Beyond Mere Logic - A Vision of Modeling Languages for the 21st Century
Bran Selić, Malina Software Corp., Canada

Once upon a Time, There Was Papyrus...
Sébastien Gérard, CEA, France

Modeling and Execution of Software User Interfaces
Marco Brambilla, Dipartimento di Elettronica Informazione e Bioingegneria, Politecnico di Milano, Italy

Model Driven Engineering and Functional Safety
Mark van den Brand, Mathematics And Computer Science, Eindhoven University of Technology, Netherlands

 

Beyond Mere Logic - A Vision of Modeling Languages for the 21st Century

Bran Selić
Malina Software Corp.
Canada
 

Brief Bio
Bran Selic is President of Malina Software Corp., a Canadian company that provides consulting services to corporate clients and government institutions worldwide. He is also Director of Advanced Technology at Zeligsoft Limited in Canada, and a Visiting Scientist at Simula Research Laboratories in Norway. In 2007, Bran retired from IBM Canada, where he was an IBM Distinguished Engineer responsible for setting the strategic direction for software development tools. Currently, he is also an adjunct professor at Monash University and the University of Sydney in Australia. With over 40 years of practical experience in designing and implementing large-scale industrial software systems, Bran has pioneered the application of model-based engineering methods and has led the definition of several international standards in that domain, including the widely used Unified Modeling Language (UML). In 2016, he was presented with a lifetime Career Award by the steering committee of the IEEE/ACM MoDELS conference in recognition of his contributions to model-driven technologies and practice.


Abstract

Traditional computer languages are all ultimately based on mathematical logic, which, after all, is the foundation of practically all of modern mathematics. This is a natural outcome of the initial algorithmically-oriented applications of electronic computing machines and is even revealed in how we've chosen to name these devices (i.e., "computers"). One obvious aspect of this is reflected in the fact that values in programs are typically represented by "logical" data types, such as integers, reals, or strings, which are quite intentionally shorn of any physical connotations. Consequently, in cases where such data is intended to represent relevant physical quantities, such as length or communication bandwidth, the association with the corresponding physical dimensions is typically informal, through convention. This has led to some catastrophic and expensive failures, such as the case of the unfortunate Mars Lander spacecraft, which was attributed to an undetected mismatch between metric and imperial systems measures. The informal nature of the association between values expressed in programs and their corresponding physical dimensions can also greatly complicate proper verification of such software. Whereas a great deal of effort has been expended in evolving various type theories for computer languages in order to avoid mismatches between "pure" data types, very little has been done to help us with problems with "physical" data types.
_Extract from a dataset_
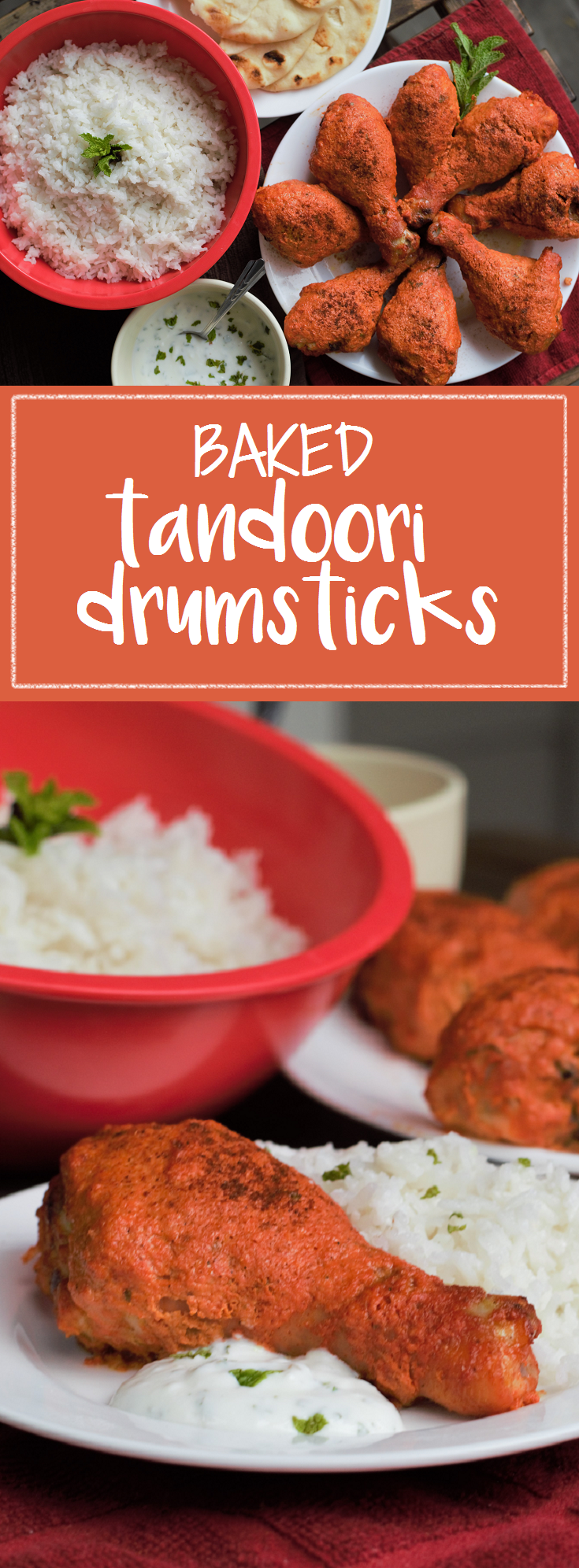 Enter tandoori drumsticks, easy picnic food with super-flavorful spices, served with a big scoop of coconut rice! Tangy mint yogurt dipping sauce helps tone down the spice level. This is one of those dinners where it’s almost impossible to resist going back for seconds… from personal experience.

In the past, this was perceived as a concern primarily for the relatively specialized field of real-time computing. However, as more and more software involves interactions with the physical world, this deficiency is becoming more obvious, more pervasisve, and more critical. Thus, with the growth of the Internet, many modern software systems are physically distributed and, consequently, highly sensitive to physical phenomena, such as communication delays, equipment failures, out-of-sequence events, and the like. In other words, more and more software is becoming "real-time". In this talk, we focus on the issues involved in the somewhat contradictory relationship between the orderly logical world of traditional software and the complex and sometimes unpredictable physical world with which it interacts. Specifically, we look at how computer languages should be constructed to deal more effectively with this complex combination.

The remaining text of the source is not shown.